Imagem ilustrativa da imagem A distopia da memória
| Foto: Divulgação

O lugar é uma ilha. O território é um país indefinido.

Um lugar quando algum objeto desaparece, toda a memória existente sobre este objeto também desaparece. Quando um objeto deixa de existir, todas as memórias relacionadas a ele também deixam de existir. Desaparecem do nada para o nada.

Tudo começa de maneira aparentemente inofensiva. Um belo dia, por exemplo, os chapéus da ilha desaparecem. A partir deste dia, todas as lembranças relacionadas aos chapéus desaparecem da memória dos habitantes. E, quando o objeto deixa de fazer sentido na memória, as pessoas simplesmente eliminam os chapéus de suas vidas.

Essa ilha imaginária é apresentada pela escritora japonesa Yoko Ogawa em “A Polícia da Memória”, romance que acaba de ser lançado pela editora Estação Liberdade. Publicado no Japão originalmente em 1994, a obra só ganhou repercussão mundial recentemente ao ser finalista dos prêmios literários National Book Awards de 2019 e International Book Prize de 2020.

O lugar imaginado por Yoko Ogawa pode ser considerado uma nova distopia. Isso porque a ilha é governada por um Estado opressivo e totalitário. Tudo começa discretamente e aparentemente de maneira inofensiva, mas, ao poucos, atinge a forma de um violento autoritarismo graças às ações de uma polícia secreta dotada de poderes irrestritos.

Quando os habitantes sentem que um objeto está desaparecendo, precisam obrigatoriamente se desfazer dos exemplares que possuem na intimidade de casa. Seja chapéu, bombom, fita de cabelo, bicicleta, caixa de música, colher, selo, perfume, cachecol, clips, travesseiro, crochê ou casinha de cachorro. Guardar os objetos em estado físico, a partir do momento em que eles desaparecem na memória, é considerado crime grave.

A polícia possui o poder de invadir casas e locais de trabalho procurando objetos que a memória deve esquecer.
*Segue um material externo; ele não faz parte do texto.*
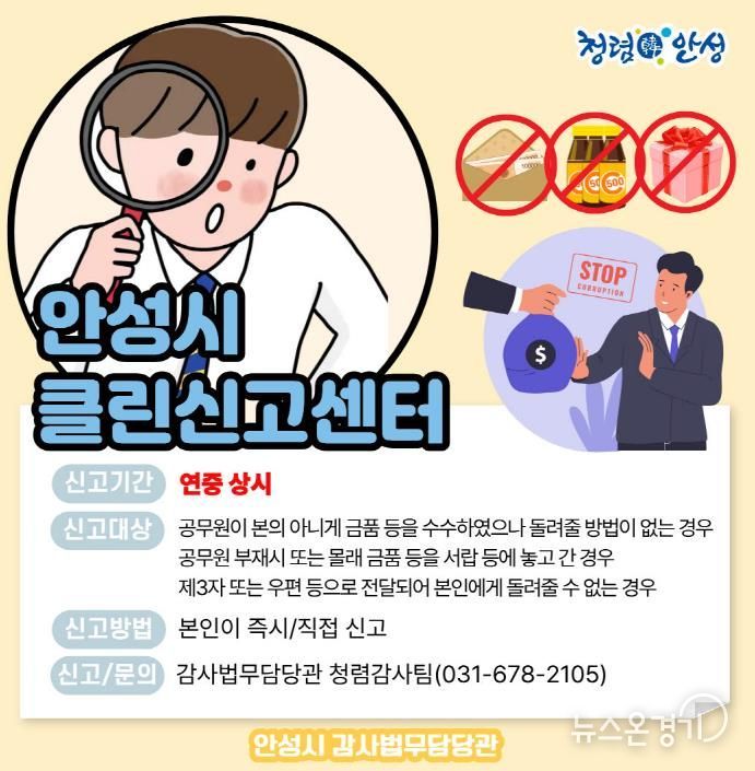 뉴스온경기 | 안성시는 시민들에게 신뢰받는 공정하고 투명한 행정 서비스를 제공하기 위해 ‘클린신고센터’를 연중 상시운영하며 청렴한 행정문화 정착에 힘쓰고 있다고 밝혔다.

Também possui a prática perseguir e prender os habitantes que ousam guardar tais objetos. Mas o crime maior é cometido pelas pessoas que não se esquecem das coisas, aquelas que conseguem retê-las na memória. Guardar lembranças sobre elas. São considerados cidadãos subversivos que colocam em risco todo o sistema. E, por isso, devem ser rapidamente eliminados.

O grande foco narrativo de Yoko Ogawa em “A Polícia da Memória” não está em desenhar a estrutura de uma nova distopia. Seu interesse está em revelar a intimidade das pessoas imersas num sistema opressivo. As pequenas e minúsculas subjetividades da intimidade presente nas ações cotidianas que estabelecem relações entre presente e passado.

A obra é narrada por uma das habitantes da ilha que perdeu a mãe pelas mãos da polícia e o pai pelas mãos da doença. Solitária, passa os dias escrevendo romances que pouca gente lê. Como cidadã exemplar, se desfaz de todas as coisas que desaparecem e que logo se evaporam de suas lembranças. Mas entende que ainda existem pessoas que se lembram das cosias, que possuem memória do passado.

Um dessas pessoas é o editor de seus romances, que está próximo de cair nas garras dos “caçadores de memórias”, a polícia fascista da ilha. Para protegê-lo, a narradora constrói um minúsculo quarto secreto em sua própria casa, um lugar onde o editor ficará escondido. Um lugar que deve funcionar como uma resistência da memória e das lembranças em processo de extinção.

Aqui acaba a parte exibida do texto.